The chemical companies of China

The assessment of various chemical companies of China has revealed certain unique features (scales of operations, quality, technological innovation etc) which have helped these firms strengthen their foothold in the industry.

Key Chinese firms have succeeded in achieving vast scales of operations, enabling them access to both domestic and foreign markets. Majority of these companies also have succeeded in ensuring product quality. Sinochem, for instance, is China’s fourth largest chemical and petrochemical company and is engaged in sectors like energy, agriculture, chemicals, real estate and financial services. It is one of the largest fertilizer suppliers and distributors, equipped with formidable chemical logistics infrastructure. Sinochem is one of the leading pesticide producers with two national pesticide R&D centers and three production units.
Hubei Yihua Group is a major polyol producer and has a domestic market share of 80 per cent. This firm also produces fertilizer, chlor-alkali and mineral salts. It has over 20 subsidiaries and 60 per cent of its markets are located in Africa, Southeast Asia and South America. The firm also has five joint ventures and 26 R&D centers. They focus on phosphorus chemical industry, salt chemical industry, coal chemical industry, mine development and natural gas chemical industry.

A distinguishing feature of the Chinese chemical companies is that the major players are prepared to bring about upgrades and reforms.

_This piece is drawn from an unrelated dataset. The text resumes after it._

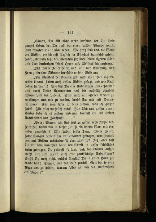 „Simon, Du bist nicht mehr derselbe, der Du Dein ganzes Leben, der Du noch vor einer halben Stunde märst, sonst könntest Du so nicht reden. Wie groß sind doch die Worte der Weisen, die ich erst kürzlich im Siinchas Hanesesch gelesen habe: „Armuth läßt den Menschen sich über seinen eigenen Sinn und über denjenigen seines Herrn und Meisters hinwegsetzen.''

Many chemical companies are improving their safety and management systems and including new materials and green products in their product portfolios.

Another vital characteristic of Chinese companies is their willingness to promote technological innovation, spend on research and improve their production processes. Chemical companies have started investing huge amounts of money and resources into producing new chemical materials required for information technology, energy, automotive, green construction etc. Increasing number of companies are aiming for technological innovations as well as self-sufficiency and sustainability. The Wanhua Chemical Group intends to revitalize the national polyurethane industry through improved technology.

Risun along with its subsidiary Xu Yang Holdings is a major coal chemical product manufacturer and has been trying to strengthen its position in a new sector using technology from Germany and international research institutes.

Nanjing Red Sun Group has succeeded in developing eco-friendly, low toxicity pesticides through its own efforts. These companies have also benefitted from the infrastructure support provided by the Chinese government.

China’s approach to R&D has changed drastically in the past few years and spending on research is expected to increase exponentially in the future. China has already become a global leader in areas like chemistry, engineering and materials science.

A vast majority of the chemical firms have shifted their focus from product management to branding. These firms are engaged in active promotion of their brands in the world market. Shandong Linglong Group has formulated a strategy of improving quality and obtaining patents to market tyres in the international market. Its strategy of setting up a capacity of 3.5 million tyres per year and manufacturing high-value brands has helped the company become a global name.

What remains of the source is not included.